To do
Look below for the line with "(¬2) رواه البخاري،"; begin the copy there and stop after the line with "Фотографии, описание и", keeping the text exact and the pictures out.

Record extracts

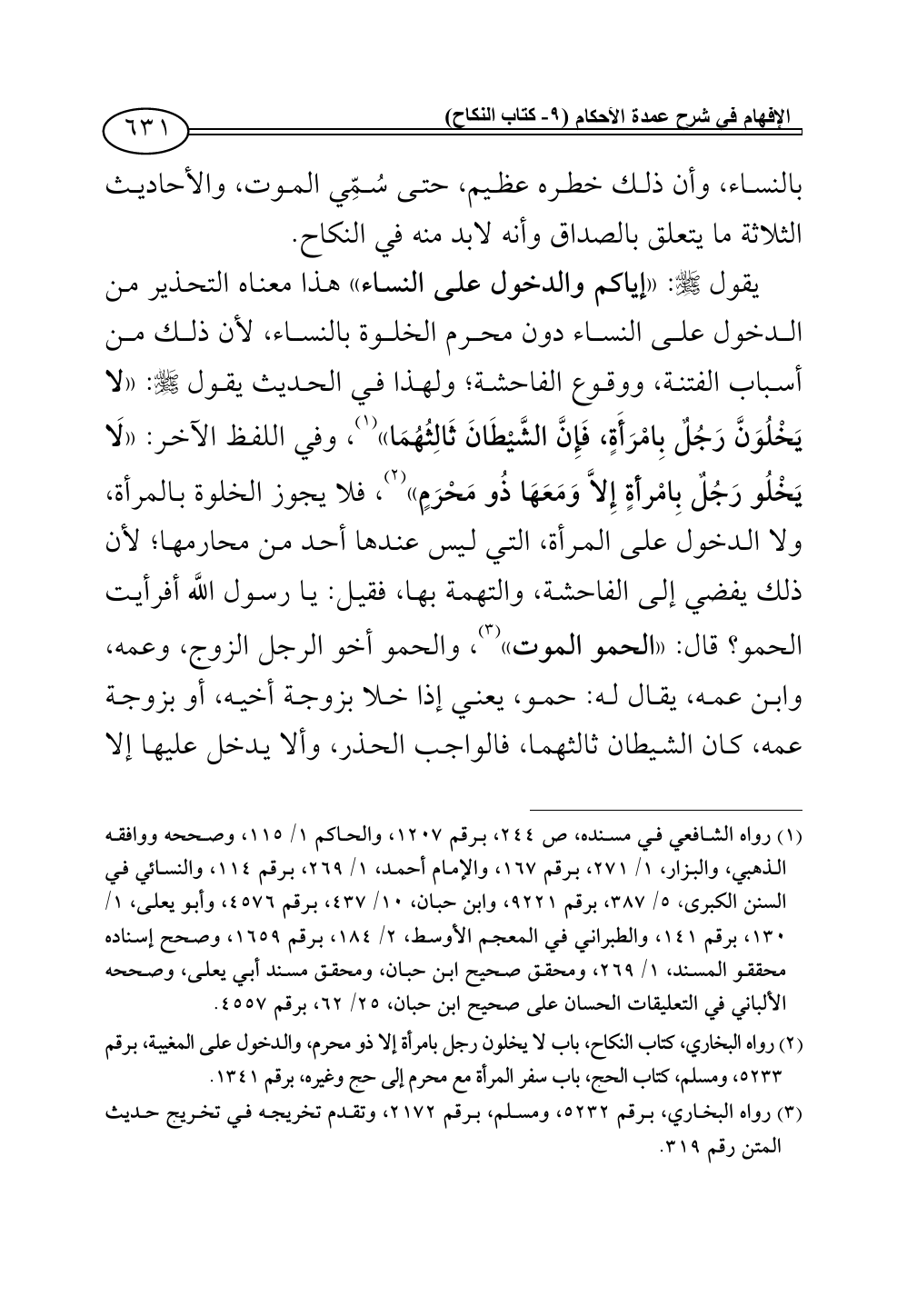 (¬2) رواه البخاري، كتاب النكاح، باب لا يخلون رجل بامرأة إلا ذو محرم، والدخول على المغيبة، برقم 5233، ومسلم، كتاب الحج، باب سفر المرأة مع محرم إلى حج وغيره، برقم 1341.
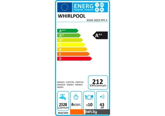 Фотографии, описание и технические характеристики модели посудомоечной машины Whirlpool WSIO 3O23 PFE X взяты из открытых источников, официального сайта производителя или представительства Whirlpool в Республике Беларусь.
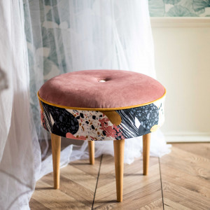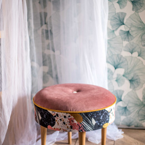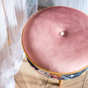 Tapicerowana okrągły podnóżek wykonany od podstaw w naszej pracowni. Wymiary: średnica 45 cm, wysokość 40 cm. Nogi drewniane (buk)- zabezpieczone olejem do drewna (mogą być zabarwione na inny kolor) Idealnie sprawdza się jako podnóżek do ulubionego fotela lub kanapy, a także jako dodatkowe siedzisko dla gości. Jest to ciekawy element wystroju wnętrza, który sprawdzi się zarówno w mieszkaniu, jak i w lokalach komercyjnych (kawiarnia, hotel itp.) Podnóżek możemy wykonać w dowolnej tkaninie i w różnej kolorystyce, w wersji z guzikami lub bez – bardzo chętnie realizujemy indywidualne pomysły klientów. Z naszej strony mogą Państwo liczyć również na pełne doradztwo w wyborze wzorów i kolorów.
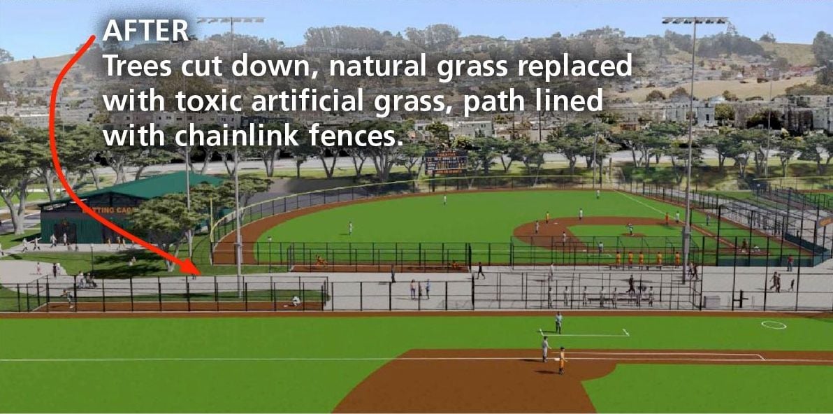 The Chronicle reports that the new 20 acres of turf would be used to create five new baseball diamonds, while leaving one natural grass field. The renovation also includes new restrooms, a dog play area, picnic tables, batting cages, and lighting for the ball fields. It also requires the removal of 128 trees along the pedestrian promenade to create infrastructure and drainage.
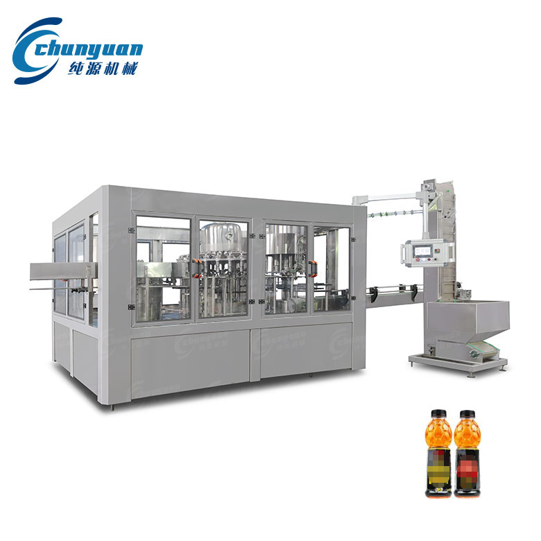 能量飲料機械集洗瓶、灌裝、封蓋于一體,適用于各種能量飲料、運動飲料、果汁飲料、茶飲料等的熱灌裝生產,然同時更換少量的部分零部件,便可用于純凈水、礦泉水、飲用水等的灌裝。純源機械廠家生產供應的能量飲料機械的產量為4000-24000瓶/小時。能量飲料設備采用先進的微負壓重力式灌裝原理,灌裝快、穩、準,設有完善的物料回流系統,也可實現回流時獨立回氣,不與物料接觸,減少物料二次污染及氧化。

* * *

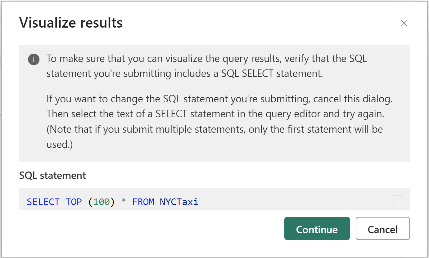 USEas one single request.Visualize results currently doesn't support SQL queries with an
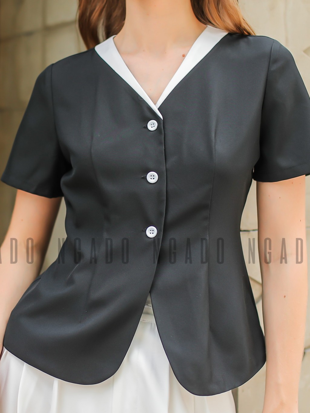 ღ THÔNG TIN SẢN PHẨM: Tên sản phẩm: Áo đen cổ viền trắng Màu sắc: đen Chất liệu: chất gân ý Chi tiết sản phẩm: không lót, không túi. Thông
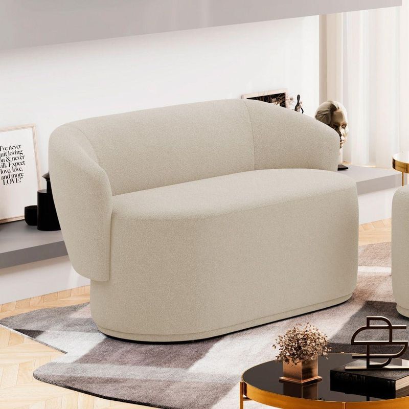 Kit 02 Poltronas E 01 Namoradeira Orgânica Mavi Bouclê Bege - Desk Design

Reply to the task
 (¬2) رواه البخاري، كتاب النكاح، باب لا يخلون رجل بامرأة إلا ذو محرم، والدخول على المغيبة، برقم 5233، ومسلم، كتاب الحج، باب سفر المرأة مع محرم إلى حج وغيره، برقم 1341.
 Фотографии, описание и технические характеристики модели посудомоечной машины Whirlpool WSIO 3O23 PFE X взяты из открытых источников, официального сайта производителя или представительства Whirlpool в Республике Беларусь.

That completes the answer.